Data entries:
· · · · ·
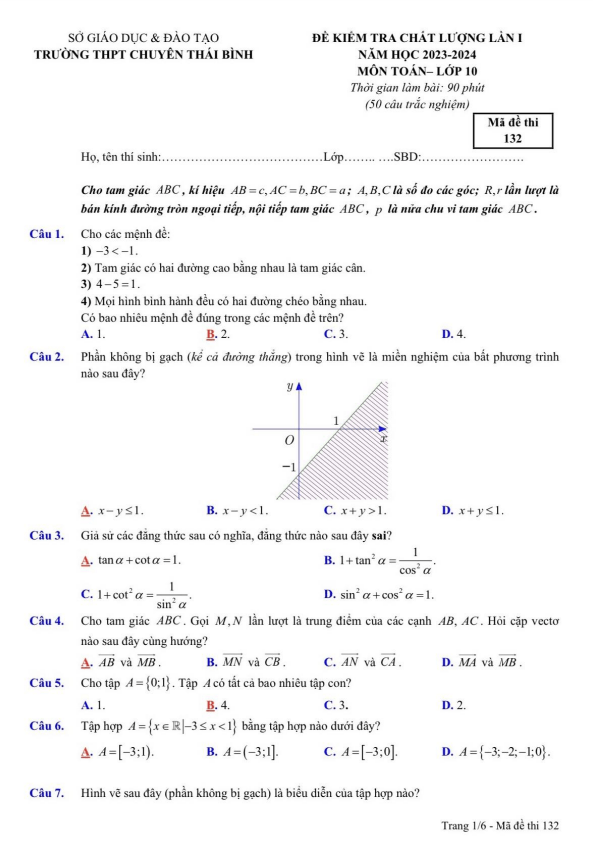 Đề kiểm tra chất lượng lần 1 Toán 10 năm 2023 – 2024 trường THPT chuyên Thái Bình
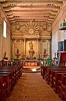 • The painted walls inside the church are the original artwork by artist Esteban Munras and other Salinan artists.[17]
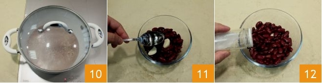Cover and let it cook over very low heat for at least 15-20 minutes 10. In a small bowl, season the beans with garlic, a teaspoon of vegetable oil, and salt (11-12).
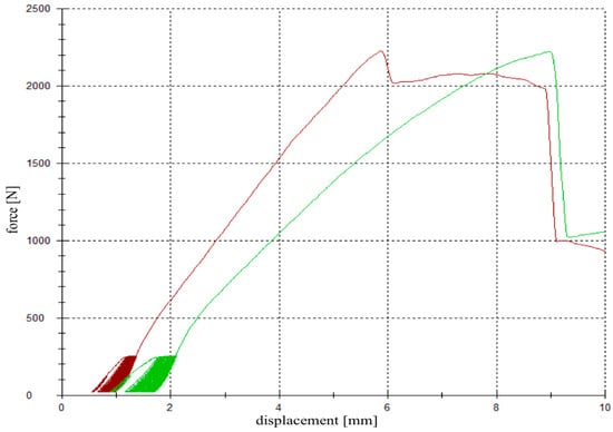 Load-displacement curve. A cyclic loading phase with 10 settling and 3000 measuring cycles was followed by a load-to-failure test. The red graph demonstrates the load-displacement curve of a specimen filled up with magnesium phosphate cement (MPC) (group 2), whereas the green graph corresponds to a specimen filled up with calcium phosphate cement (CPC) (group 3).
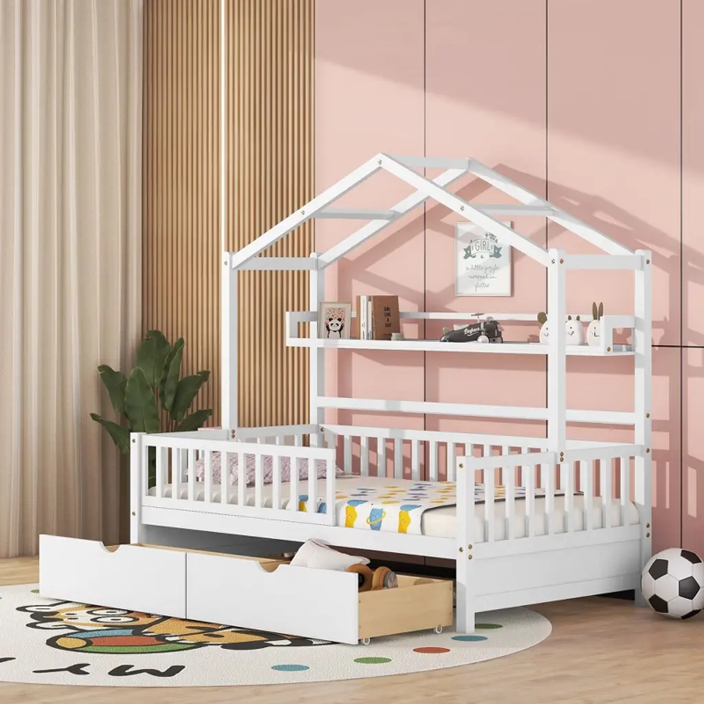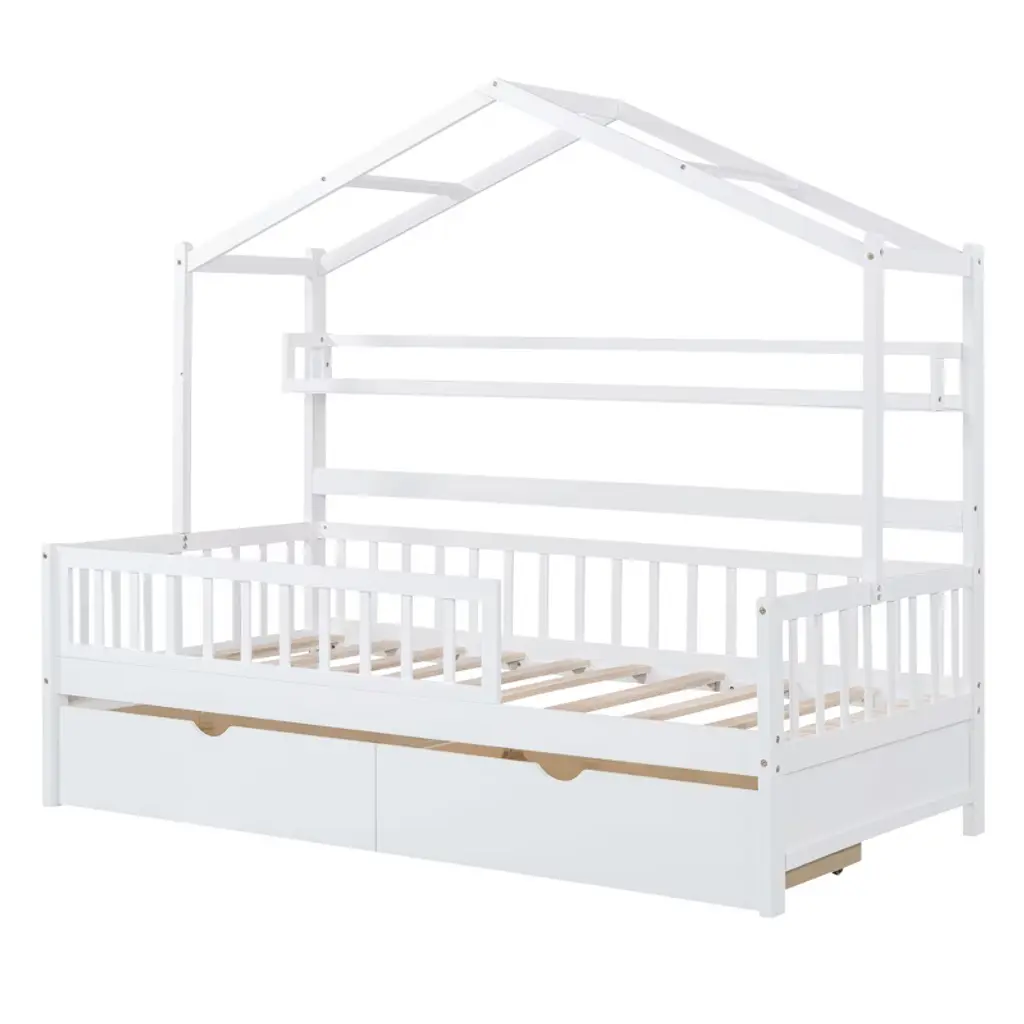 Cavinas Twin Size House Platform Bed With Storage Shelf & Under-bed Drawers,wooden Bed Frame For Kids Room,bedroom
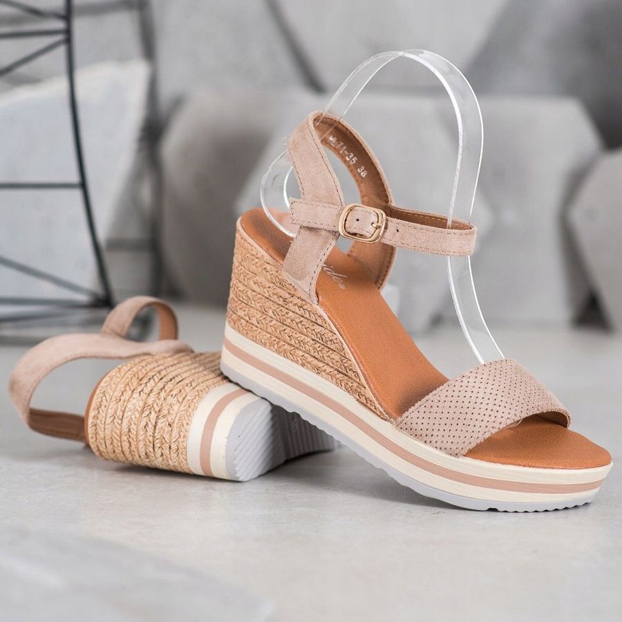 Szczegóły: Weide Modne Koturny Z Zamszu beżowy
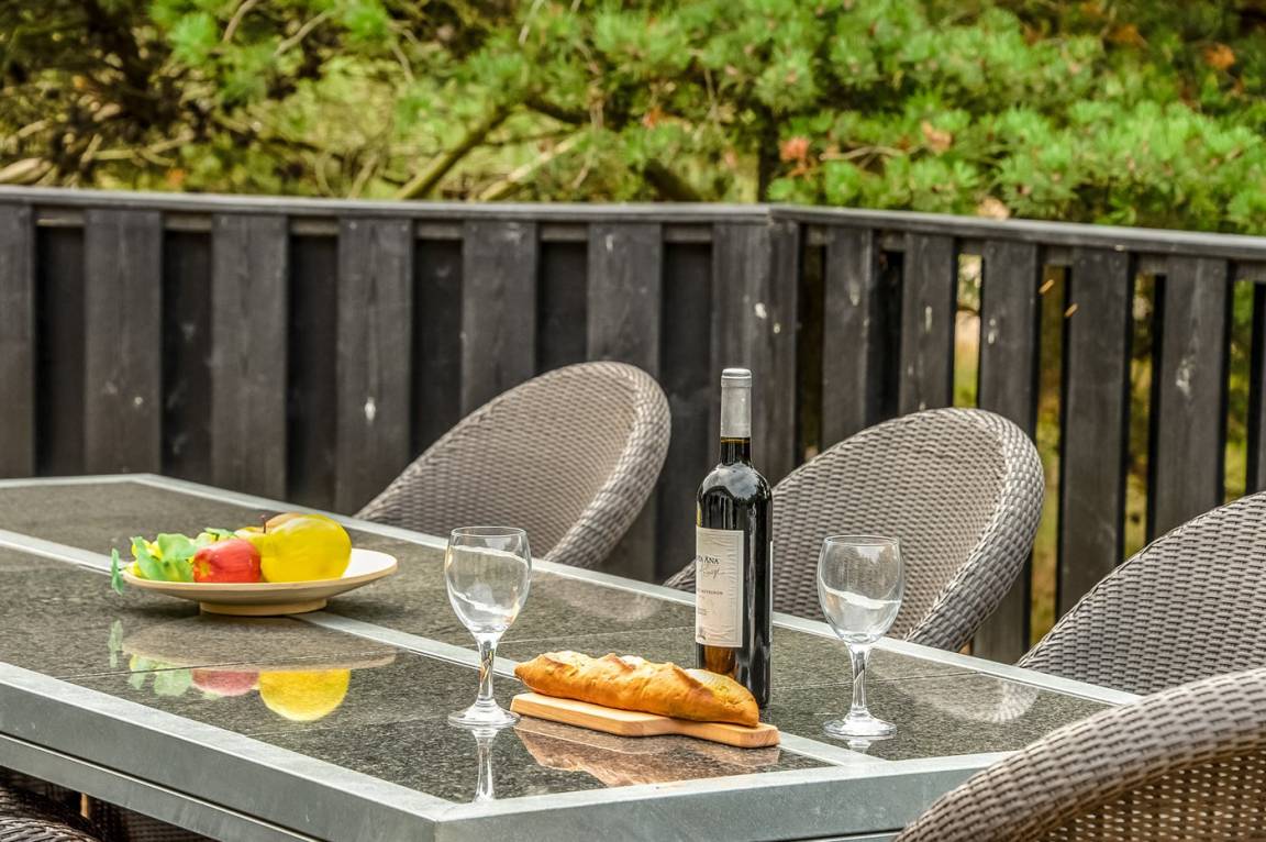 Zum Haus gehört u. a. eine geschlossene Terrasse, dies ist besonders für diejenigen ein Vorteil, die kleine Kinder haben oder den Familienhund mit in den Urlaub nehmen.
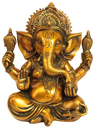 - Lord Taj Ganesha Figurine Brass Handmade Sculpture Hindu Deity Ganesh Home Decor
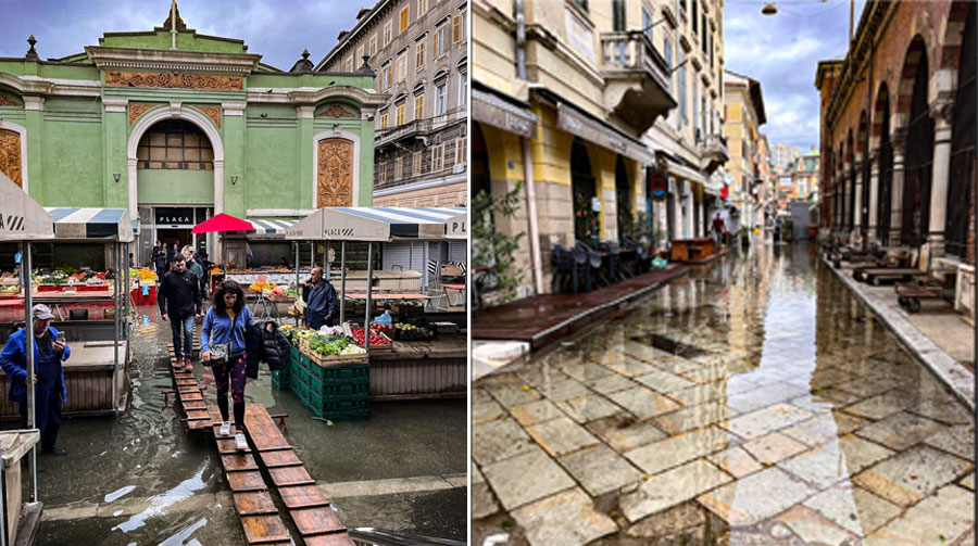 Rijeka i okolica jučer i danas su u središtu pažnje meteorologa i centara za uzbunjivanje. Opatijom je olujno jugo divljalo toliko da se odlomilo kamene ploče i ogradu na Lungomareu ispod Umjetničkog paviljona Jurja Šporera.. U Rijeci je pak palo toliko kiše da su na riječku tržnicu i ribarnicu jutros morali postaviti drvene platforme da bi se ljudi mogli kretati kroz vodu.
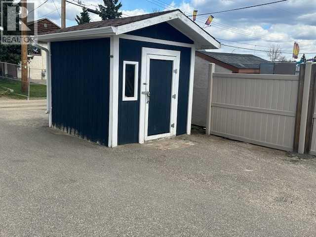Turnkey Commercial Building in Prime Whitecourt Location.Fully renovated with an effective age of 2017, this 1,190 sq. ft. commercial property is ideally located on one of Whitecourt’s main streets, offering high visibility and easy access. Zoned for business or retail use, the building features two self-contained units—perfect for running multiple businesses or generating rental income.The main floor includes four spacious rooms, a 2-piece bathroom with laundry hookups, a staff kitchen with an Italian tile backsplash, and durable tile flooring throughout. The welcoming entryway features garden doors and the original chimney, preserved to add unique character. Central air conditioning, excellent natural light, and plenty of storage complete this stylish and functional space.The fully finished basement suite includes two rooms, a kitchen, a 2-piece bathroom, and a large meeting or common area. It’s finished with vinyl plank adhesive dry core commercial-grade flooring for durability and easy maintenance. The utility room also features a backup preventer system.Additional features include:wheelchair-accessible ramp,large parking lot at the rear,storage shed,back alley access,located next to a park.Tastefully updated and move-in ready, this property offers an exceptional opportunity in the heart of Whitecourt for business owners or investors alike. Renovations include: Shingles (2015), front foyer addition, side addition, rear addition (entry to Unit B) & composite decking (2017), new wall insulation, new doors, CAT 6 wiring, lights and electrical upgraded, flooring throughout, newer framing (2x6), new drywall, new trim & plumbing (2017). Also in 2017: Exterior - Hardy Board siding, exterior windows, rear deck and ramp, gas line meter upgraded, shingles on additions, AC, ducting, HWT, nat. gas furnace and sewer back up preventer, stamped concrete and pavement. In 2018: Basement unit: drywall and T&G wood, plumbing, flooring and drycore, electrical, insulation, framing (2x6), doors, lighting, CAT 6 wiring, refurbished cabinets, ceiling (insulated and T&G wood). (id:63190)
· · · · ·
▶ **Work task**
Extract the part of the records that opens with the line containing "other Salinan artists.[17]" and closes with the line containing "Rijeka i okolica". Take only those lines, exactly, and no pictures.

▶ **Exercise output**
 • The painted walls inside the church are the original artwork by artist Esteban Munras and other Salinan artists.[17]
Cover and let it cook over very low heat for at least 15-20 minutes 10. In a small bowl, season the beans with garlic, a teaspoon of vegetable oil, and salt (11-12).
 Load-displacement curve. A cyclic loading phase with 10 settling and 3000 measuring cycles was followed by a load-to-failure test. The red graph demonstrates the load-displacement curve of a specimen filled up with magnesium phosphate cement (MPC) (group 2), whereas the green graph corresponds to a specimen filled up with calcium phosphate cement (CPC) (group 3).
 Cavinas Twin Size House Platform Bed With Storage Shelf & Under-bed Drawers,wooden Bed Frame For Kids Room,bedroom
 Szczegóły: Weide Modne Koturny Z Zamszu beżowy
 Zum Haus gehört u. a. eine geschlossene Terrasse, dies ist besonders für diejenigen ein Vorteil, die kleine Kinder haben oder den Familienhund mit in den Urlaub nehmen.
 - Lord Taj Ganesha Figurine Brass Handmade Sculpture Hindu Deity Ganesh Home Decor
 Rijeka i okolica jučer i danas su u središtu pažnje meteorologa i centara za uzbunjivanje. Opatijom je olujno jugo divljalo toliko da se odlomilo kamene ploče i ogradu na Lungomareu ispod Umjetničkog paviljona Jurja Šporera.. U Rijeci je pak palo toliko kiše da su na riječku tržnicu i ribarnicu jutros morali postaviti drvene platforme da bi se ljudi mogli kretati kroz vodu.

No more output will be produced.